Elevated booths; open flame broiler in the middle of the dining room where you get to pick the cut of meat you want cooked; double-sided fireplace with swivel lounge chairs; specialty appetizers; a full service salad bar; stained glass panels; a bar with 13 microbrews - four on tap - plus all the usual domestic beers; a generous selection of fine wines; more than a dozen televisions for sports of every kind; an arcade room; a pool room with tables, darts and foosball.

Sounds like the kind of place you would find in a large city, doesn't it? Well, in this case the place described above is taking shape in Noxon, Montana, a small (really small) town on the banks of the Clark Fork River about halfway between the closest large cities of Spokane and Missoula. And, according to some people who frequently travel that circuit, Sneakers could be one of the nicest places anywhere along that 300-mile stretch of highway once it's finished.

Sneakers, which has recently been called, tongue-in-cheek, "Tyvek Tavern," because, though the bar is now open, it is still in the process of being built and the log siding has not yet gone up. It is the brainchild of partners Rick Gould and Leslie Pringle. They met three years ago when a mutual friend, Linda Scott, introduced them on Noxon's main street in front of Toby's Tavern.

Rick grew up in Noxon, graduating from high school there in 1974. Following retirement from a career in the Army Quartermaster Corps, Rick returned to Sanders County about the time Leslie was moving to the county's west end from Columbia, California via Livingston, Montana. She came to Noxon with twin girls, Allison and Ashley, now 16. For a couple of years Rick worked in the county weed department, and then as Director of Sanders County Emergency Services. Leslie went to work in the Noxon school system as an aide and cheerleading coach but, about a year ago, they conceived the idea of Sneakers, a place they dreamed would help bring the community together in a social context.

"We thought of all the neat things that could be done in town, what would be good for the community," Rick said. "What could be a successful business, but still be something the community could connect with."

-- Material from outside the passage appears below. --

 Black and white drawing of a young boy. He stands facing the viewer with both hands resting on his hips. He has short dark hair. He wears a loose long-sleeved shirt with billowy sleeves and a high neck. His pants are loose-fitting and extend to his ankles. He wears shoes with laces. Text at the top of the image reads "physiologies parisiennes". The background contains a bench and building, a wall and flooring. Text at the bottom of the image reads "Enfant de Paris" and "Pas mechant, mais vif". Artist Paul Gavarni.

And so they came up with the idea of what most people in the area have characterized as a steak house and sports bar. The wisdom of such a bold venture in such a small town has been questioned, but Rick and Leslie intend to not only draw local people into their establishment, but also to appeal to visitors from near and far. Noxon's beautiful setting on the Clark Fork River between the Cabinet and Bitterroot mountain ranges will be one attraction they'll count on to bring people in. But they also expect the quality of food and service they plan to provide will help bring people back.

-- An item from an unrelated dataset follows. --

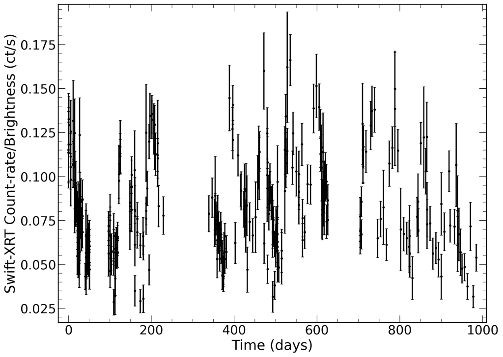 This binary system had been monitored by NASA’s Swift X-ray Telescope. I wanted to determine whether the observed variability in the ‘lightcurve’ — how the amount of received photons from a given system varies over time — of this system was periodic (i.e. repeating in a predictable manner) or ‘random’.

When Larkin's Café, an old, family-owned business that had been in downtown for years (it was once known as the Waunegan Bar) came up for sale following a foreclosure process on a prior, would-be buyer, Rick and Leslie made the decision to purchase the property.

The building was in need of a lot of work, but no one envisioned the extent this couple would go to in not just renovating the premises but totally rebuilding, remodeling and greatly enlarging the structure. What they have now, still under construction, is 3,570 square feet being carefully orchestrated to provide a wide variety of services to the community. And more importantly to them both, many in the community have been instrumental in seeing this dream become reality.

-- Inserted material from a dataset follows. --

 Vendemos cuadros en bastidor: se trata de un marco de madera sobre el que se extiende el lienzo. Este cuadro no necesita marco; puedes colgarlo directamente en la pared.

"I just can't say enough about Kevin Johnson," Rick exclaimed, "and the materials he's provided." Kevin owns Johnson Hardware in Noxon and, according to Rick, his bid for construction materials was so good "it came within $80.00 of Home Depot in Spokane."

"We wanted to do as much business locally as possible," Rick explained. "We felt that was essential." And they got their wish. Jim Hilt did the excavating, Dan Bauer did the concrete work, and the tongue-and-groove paneling came from Jerry Deal at JD Manufacturing in Thompson Falls. Kim Matthew and Redd Jewitt will do the rock-work for the central fireplace and the wainscoting across the front of the building. Doug Horner and Tom Hawkinson supervised the construction and had the help of two Noxon high school graduates, Andrew Weber and Mike Erwin, in what has been called a model of the school-to-work program in Noxon.

The school connection is especially important to Rick and Leslie because they want to see something done to help kids in the area. Leslie took a step  in that direction by becoming involved with the cheerleading program and in short order she led her team of girls to a Class C state championship last year, what many believe is the first state championship of any kind for Noxon High School. They performed so well in Great Falls they came within two points of an overall title for the entire state, regardless of class.

The addition of an arcade room and the poolroom will entice young people in to Sneakers, the couple feels, but beyond that they intend to build a close relationship with the school's athletic program. The foyer will feature a trophy case exhibiting the rewards of various teams in town. The first trophy to go on display once the entryway is complete will be Colin Larkin's 12 and under girls' softball team's first place trophy from the regional tournament in Polson earlier this month.  Rick and Leslie also want to hang photos, old and new, of school athletes throughout the establishment. In fact, they plan to film some of the home games, including football and basketball, and they replaying the games on their numerous TV's while serving up food and drink specials on game nights following the competition.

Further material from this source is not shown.